# Joinery dilemma!



## Daniel501 (Dec 16, 2007)

Hi all- I'm trying to make a mitered sticking joint on the table saw for some frame and panel doors- the bevel on the vertical stile is no problem- just a straight 45 degree cut down the length of the wood - about 1/8" wide or so. The problem is that when I try to cut the rail with the 45 degree mating bevel, it's never quite exact- almost impossible for me to get the perfect fit. If I was doing the door with just a plain tenon and groove, I'd be done already- it's that damn 1/8" bevel that's the problem. I've included a pic of the joint I'm trying to make- taken at Lowe's. Any advice would be great- I really need some help here! :blink: Thanks!!!
Dan Hill
Fort Lauderdale


----------



## cabinetman (Jul 5, 2007)

*WELCOME TO THE FORUM*

On production doors, that joint isn't done on a TS, but rather on a moulding machine, shaper, or done with a router bit set like this.


----------



## Daniel501 (Dec 16, 2007)

HAha!! No wonder I've been having so much trouble!

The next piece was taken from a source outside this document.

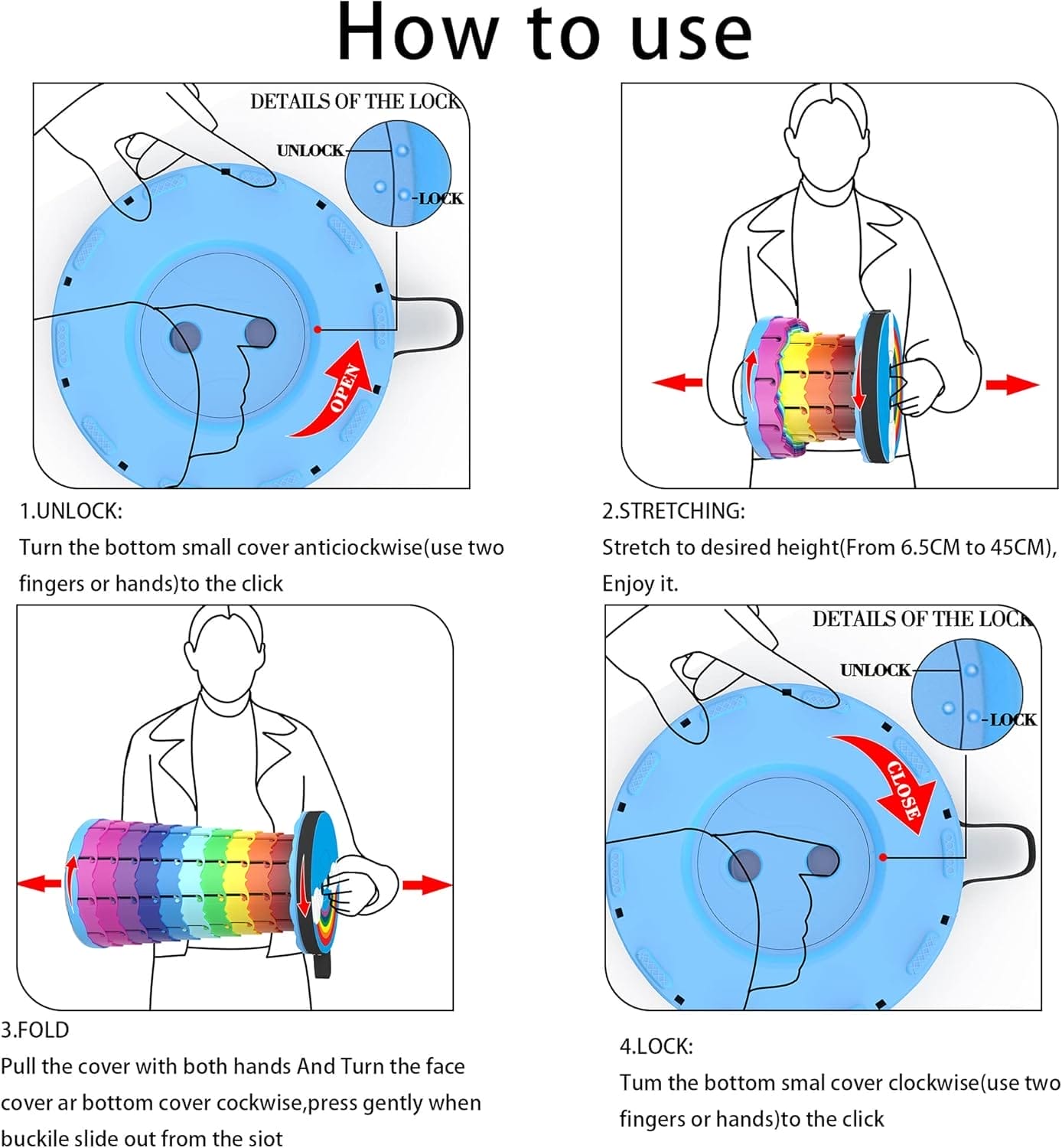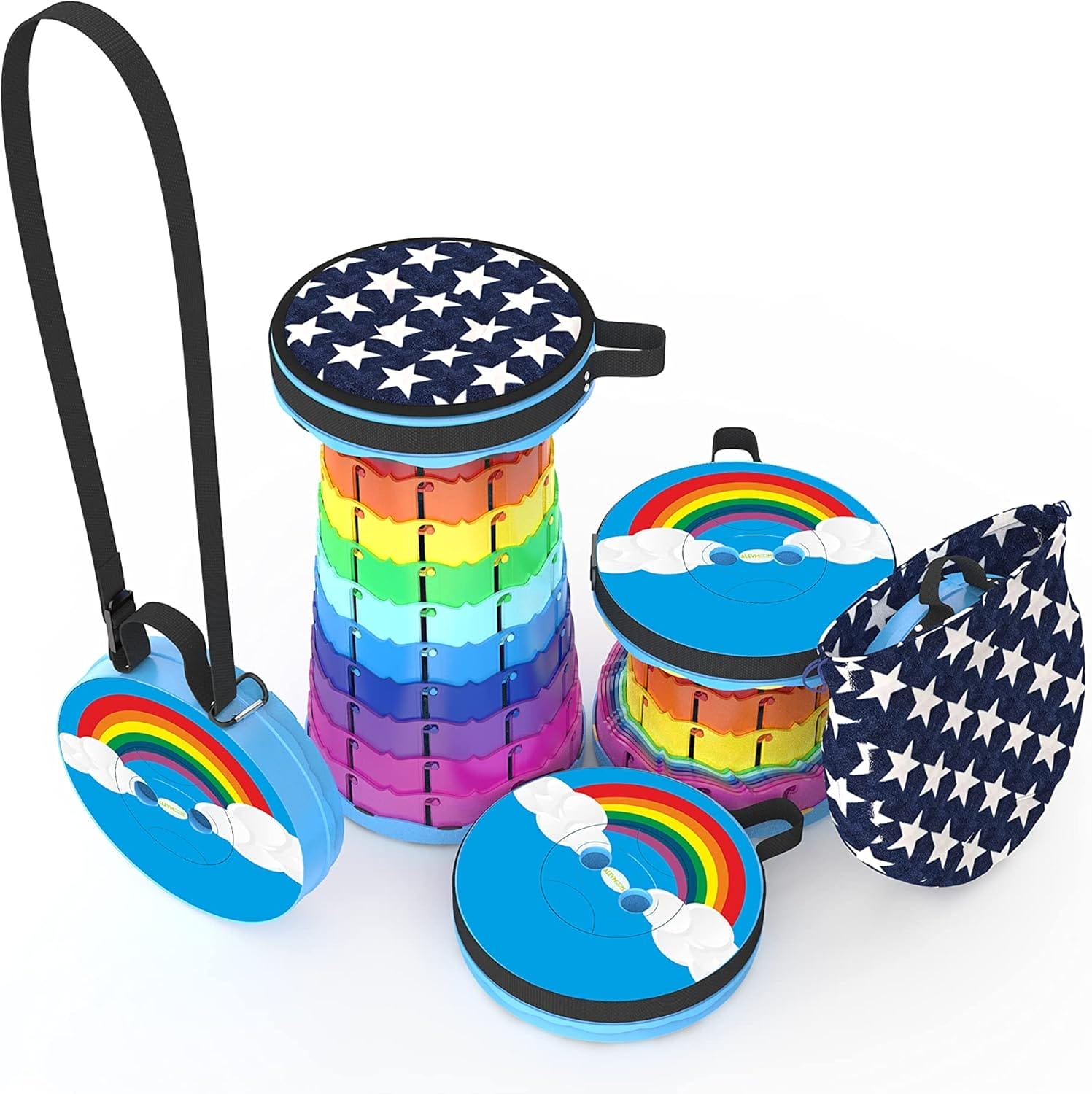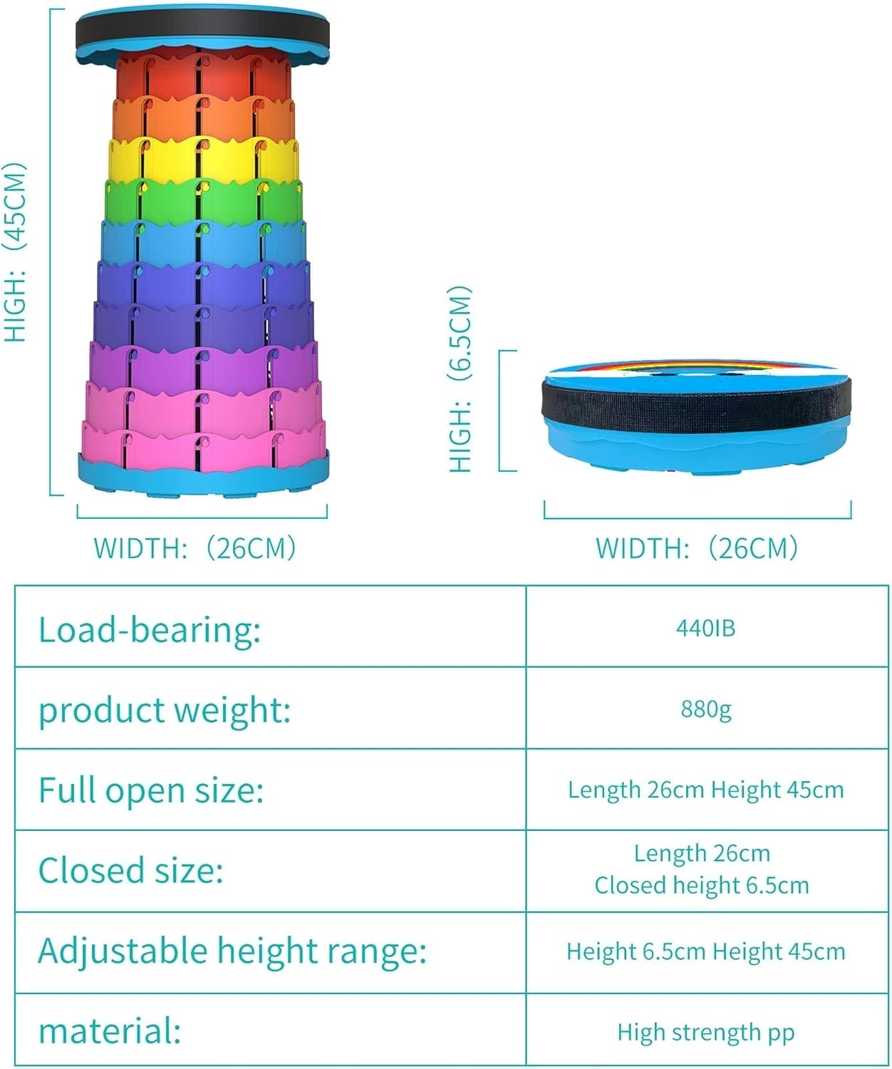 【Safety and Stability】 Retractable stool is made of high-strength heavy duty environmental friendly material plastic PP, the cylinder shape structure, tight connecting clasps, and the non-slip base ensure the stability of collapsible stool, provide safe and comfortable seat. The maximum load capacity is as much as 440lbs!

Thank you so much. Now- off to get the router! And those bits!!
Daniel Hill


----------



## Daniel501 (Dec 16, 2007)

Now for that, would I need a plunge router, or a router table?
Daniel


----------



## Spyko (Nov 3, 2007)

The cope & stick bits are best used in a router table. If you have TWO router tables you'll be happier. Setting up for both cuts lets you really nail it down before you start cutting. A guy I worked with for a while had a special table he made that had 2 routers in it. One side of the table was set up for rails, the other for stiles. It was great! Make sure to use a backing block on the end grain cuts. If you buy your stock at finished dimention make sure it's all from the same batch. Even slight diffs in thickness S-U-C-K when making doors like this. Ideally, use a thickness palner on all of your stock before you start to get it perfect.
Good Luck!


----------



## woodman42 (Aug 6, 2007)

cabinetman said:


> *WELCOME TO THE FORUM*
> 
> On production doors, that joint isn't done on a TS, but rather on a moulding machine, shaper, or done with a router bit set like this.


 
Great link cabinetman, thanks.:thumbsup:


----------



## Joe C (Nov 8, 2007)

Look into the Freud cope and stick sets. They are very easy to set up and the joints come together tight.

http://www.craftandwoodworking.com


----------



## Daniel501 (Dec 16, 2007)

Thanks Joe- I just might pick those up!!


----------